Il y a les senteurs enivrantes. Celles des orangers, des citronniers, des fleurs de figuiers mais aussi celles des roses et du jasmin… À quelques pas de la mer et du bleu infini, le jardin de Djelloul, retraité de l’enseignement supérieur, offre ses plus beaux atouts. Ici, au pied de la montagne du Chenoua, située à quelques 80 kilomètres à l’ouest d’Alger, la terre rouge et fertile donne sans compter. Sans doute un juste retour des choses. « J’ai été élevé en observant et en respectant la nature. J’ai toujours vu ma mère prendre soin de sa terre, explique Djelloul. Les anciens avaient le respect des cultures. C’est un héritage familial dont je suis fier ».
Rendements et pesticides
Néfliers, grenadiers, bananiers et petits manguiers ornent la cour de la maison où quelques pieds de vignes s‘entrelacent autour de la grande pergola. « Chez moi tout est bio ! », précise Djelloul. « Mes arbres fruitiers n’ont pas besoin d’engrais chimiques pour donner ».
Les surfaces certifiées bio représentent une infime partie des cultures en Algérie. Si cette activité agricole demeure très marginalisée, elle est considérée peu rentable.

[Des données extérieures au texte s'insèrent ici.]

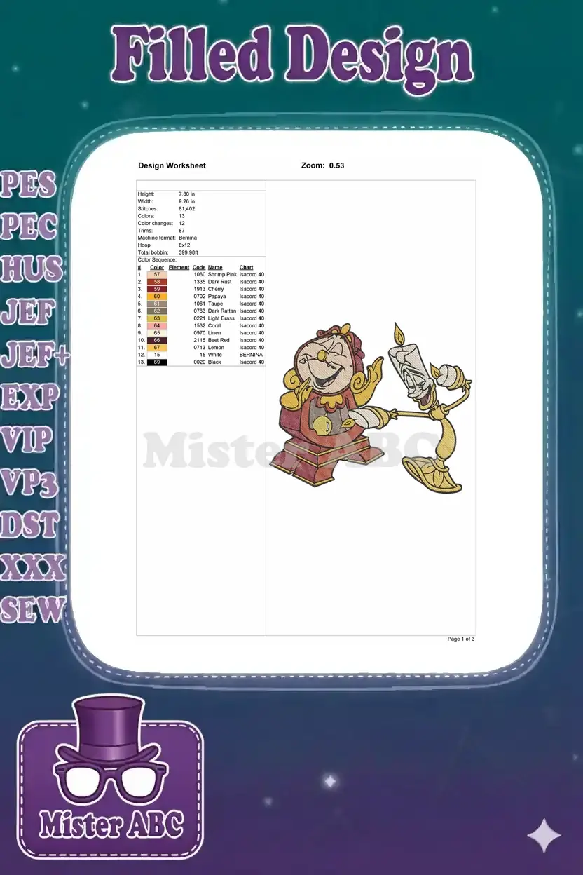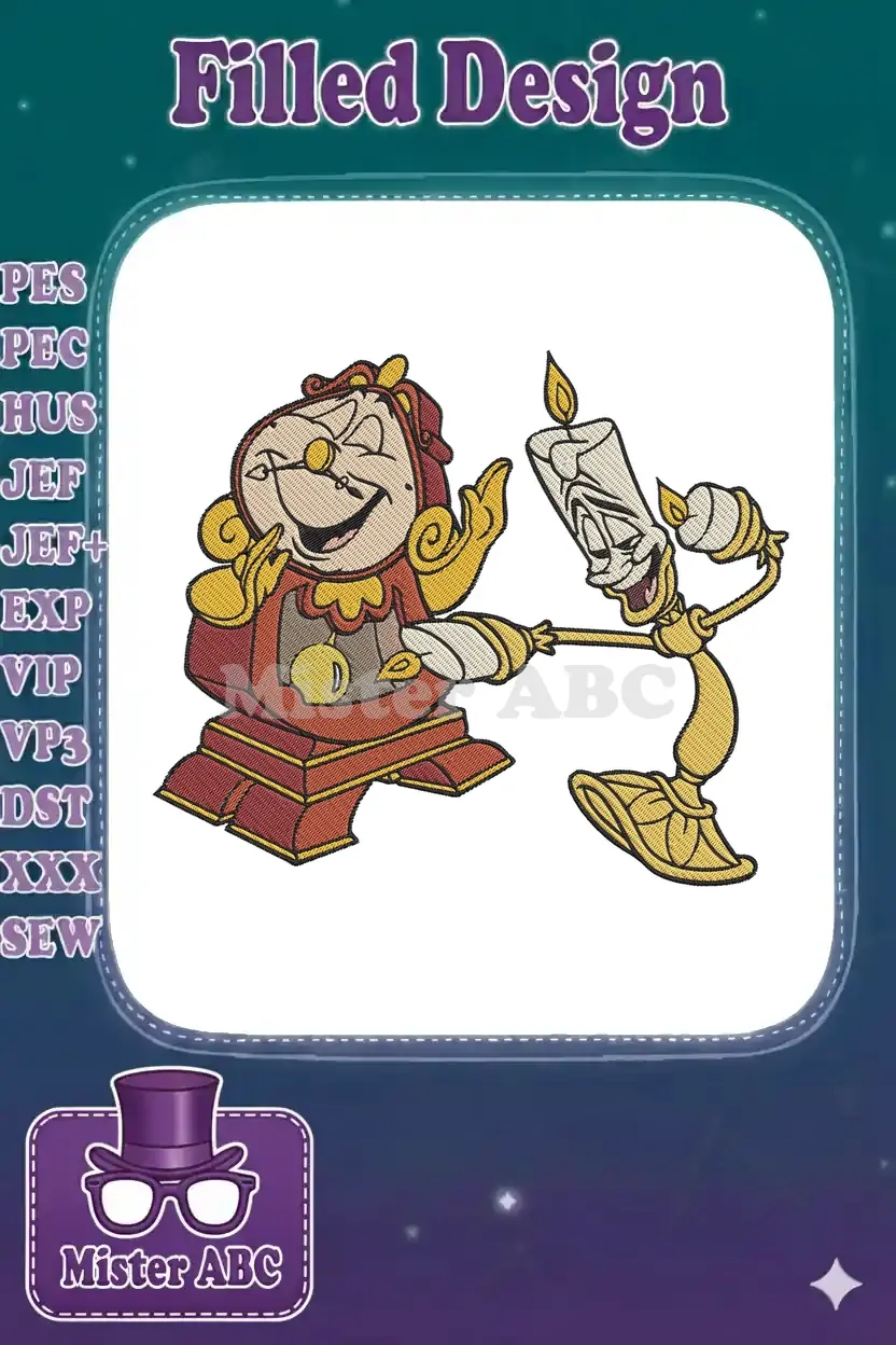 Beauty and the Beast Cogsworth Lumiere Happy Embroidery Designs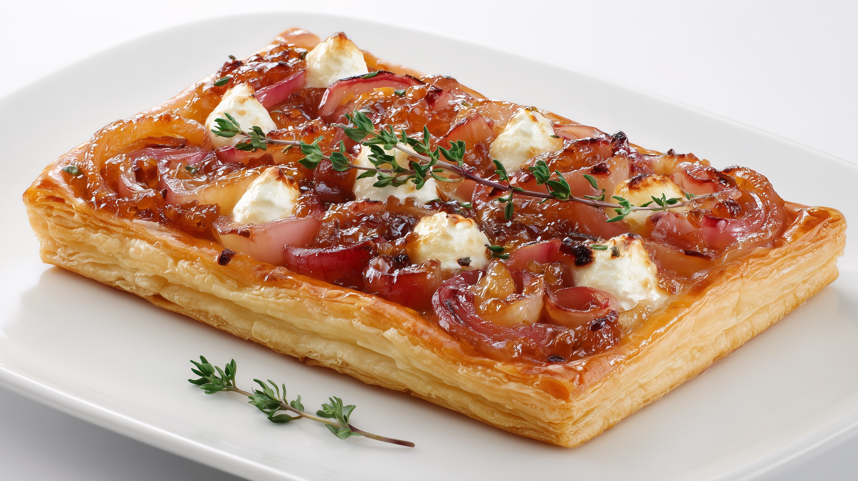 - Tarte belegen: Das Rhabarber-Chutney gleichmäßig auf der inneren Fläche des Blätterteigs verteilen. Die karamellisierten Zwiebeln darüber verteilen. Den Ziegenkäse in Stücke zupfen und auf der Tarte verteilen. Mit frischen Thymianblättern bestreuen und nach Belieben mit Salz und Pfeffer würzen.

Aussi, ces cultures certifiées sans engrais, pesticides ou adjuvants et contrôlées par l’organisme Ecocert [organisme de contrôle et de certification ; ndlr] sont principalement l’olive, la datte et la production vinicole destinées à l’exportation.

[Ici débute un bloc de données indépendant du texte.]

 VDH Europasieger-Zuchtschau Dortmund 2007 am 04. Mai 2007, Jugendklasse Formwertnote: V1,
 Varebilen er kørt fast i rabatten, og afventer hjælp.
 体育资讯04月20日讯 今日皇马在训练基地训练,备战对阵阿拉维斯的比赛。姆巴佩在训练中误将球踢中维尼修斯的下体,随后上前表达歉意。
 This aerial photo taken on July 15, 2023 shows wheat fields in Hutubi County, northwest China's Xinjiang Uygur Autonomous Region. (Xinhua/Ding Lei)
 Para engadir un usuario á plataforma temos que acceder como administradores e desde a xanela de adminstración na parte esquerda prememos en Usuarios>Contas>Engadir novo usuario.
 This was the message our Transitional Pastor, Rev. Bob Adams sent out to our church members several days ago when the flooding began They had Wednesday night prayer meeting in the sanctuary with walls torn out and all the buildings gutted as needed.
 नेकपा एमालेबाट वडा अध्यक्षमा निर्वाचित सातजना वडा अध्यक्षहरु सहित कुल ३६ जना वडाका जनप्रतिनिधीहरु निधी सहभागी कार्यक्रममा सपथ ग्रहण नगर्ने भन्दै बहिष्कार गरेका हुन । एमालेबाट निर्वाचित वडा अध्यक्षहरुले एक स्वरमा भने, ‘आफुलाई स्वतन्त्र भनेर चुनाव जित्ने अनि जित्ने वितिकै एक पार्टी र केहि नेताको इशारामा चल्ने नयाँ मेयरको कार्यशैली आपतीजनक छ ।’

La politique du pays en matière agricole vise en priorité la satisfaction des besoins de la population : « Tous les moyens sont utilisés pour avoir une précocité et un rendement maximum des récoltes », assure Sarah, ingénieur agronome sur la wilaya [division administrative ; ndlr] de Tipasa. Pour cela, la production agricole utilise à profusion des engrais chimiques, des pesticides et des herbicides. Une situation qui inquiète beaucoup d’Algériens. « J’évite d’aller au marché, dit Kader. Les fruits et les légumes sont presque tous traités chimiquement ». Pour Fathia, médecin généraliste, « c’est devenu un problème de santé publique ; on remarque une augmentation du taux de cancer, des maladies métaboliques ou cardio-vasculaires… »
Torba, un collectif militant
Si comme le dit Sarah, le consommateur algérien n’a pas encore acquis totalement la « culture du bio », des collectifs pour la défense de l’agro-écologie s’installent dans le pays. Basée à Chéraga, Torba, une AMAP* [Association pour le maintien d'une agriculture paysanne ; ndlr] créée en 2016 rassemble près de 300 adhérents. « Nous misons sur le "manger sain" et le soutien aux petits paysans qui cultivent sans pesticides », assure Abdelkrim, professeur à l’Institut des sciences vétérinaires de Blida et président du collectif Torba. « L’activité paysanne authentique est en perte de vitesse », poursuit-il.
La certification bio a un coût très élevé en Algérie pour les petits producteurs : « Ceux avec qui nous travaillons n’ont pas forcément la certification bio mais nous nous assurons toujours que le contrat est respecté, à savoir : la non utilisation de produits chimiques, de pesticides et l’utilisation des semences locales. », dit Abdelkrim. Pour l’heure, il s’inquiète de voir s’installer une alimentation mondialisée : « En Algérie, nous consommons des produits qui peuvent faire facilement 2 000 kilomètres ! Ils sont importés et viennent de France, du Canada, du Brésil, de Chine… Il faut vraiment inviter les gens à aller vers cette autonomie alimentaire ».